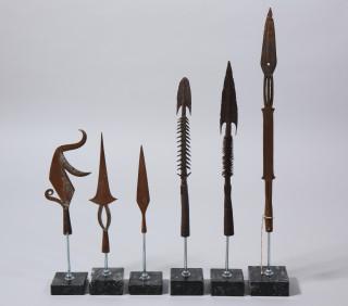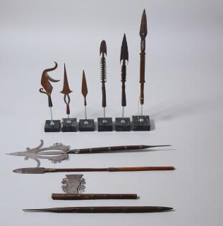 D.R. Congo, collection of six harpoon and spear tops, one axe and three lances.
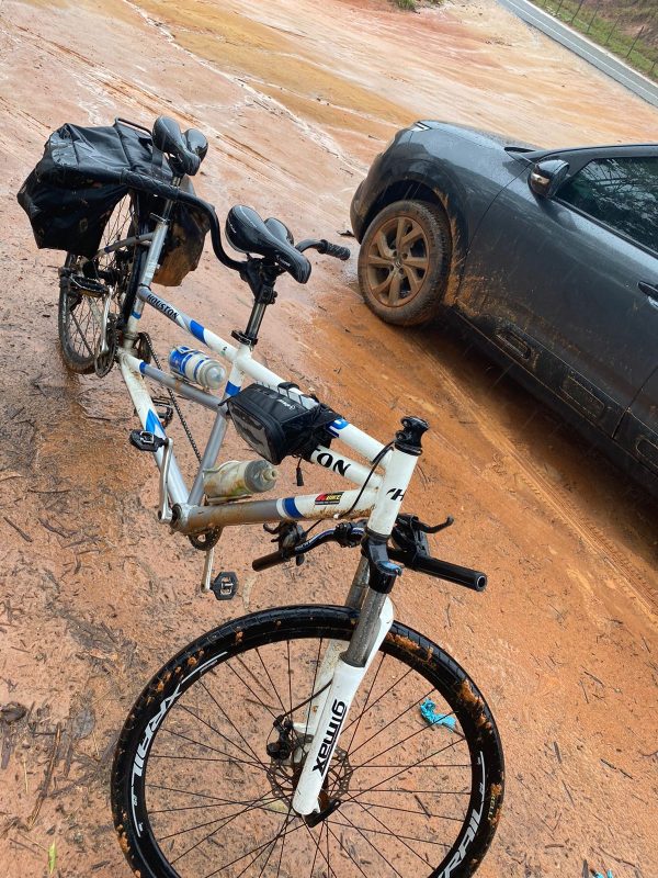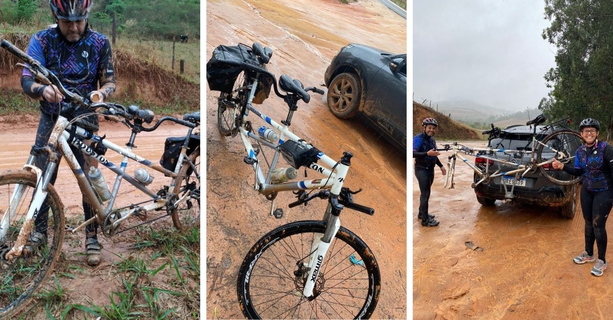 O casal da Serra que iria pedalar quase 400 quilômetros numa bicicleta de dois lugares de Colina de Laranjeiras a cidade de Entre Folhas, em Minas Gerais, teve a viagem interrompida por conta da chuva que provocou uma queda em meio a lama que danificou o guidão da bicicleta.
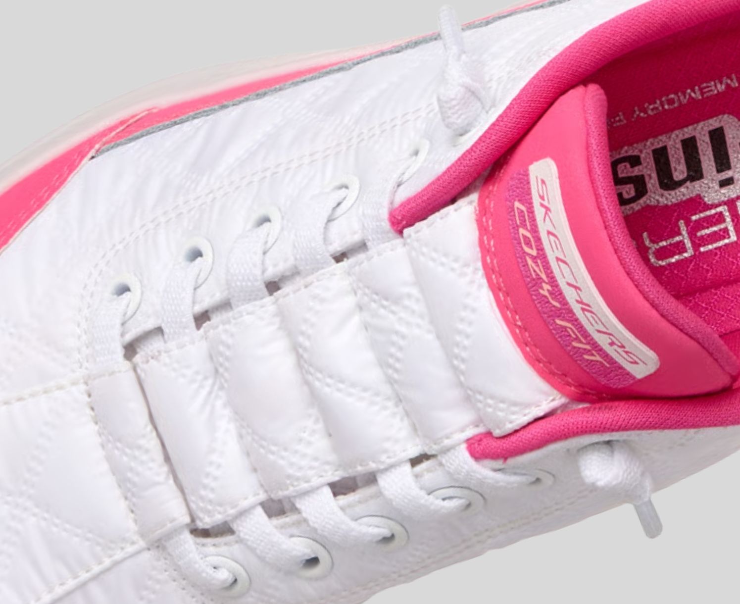 Skechers Cozy Fit® premium soft quilted materials wrap your feet in luxury, providing a cozy, natural fit for ultimate comfort.

****

From the first line to the last, repeat the data above exactly and leave the pictures out.

#### [SOLUTION BELOW]
 D.R. Congo, collection of six harpoon and spear tops, one axe and three lances.
 O casal da Serra que iria pedalar quase 400 quilômetros numa bicicleta de dois lugares de Colina de Laranjeiras a cidade de Entre Folhas, em Minas Gerais, teve a viagem interrompida por conta da chuva que provocou uma queda em meio a lama que danificou o guidão da bicicleta.
 Skechers Cozy Fit® premium soft quilted materials wrap your feet in luxury, providing a cozy, natural fit for ultimate comfort.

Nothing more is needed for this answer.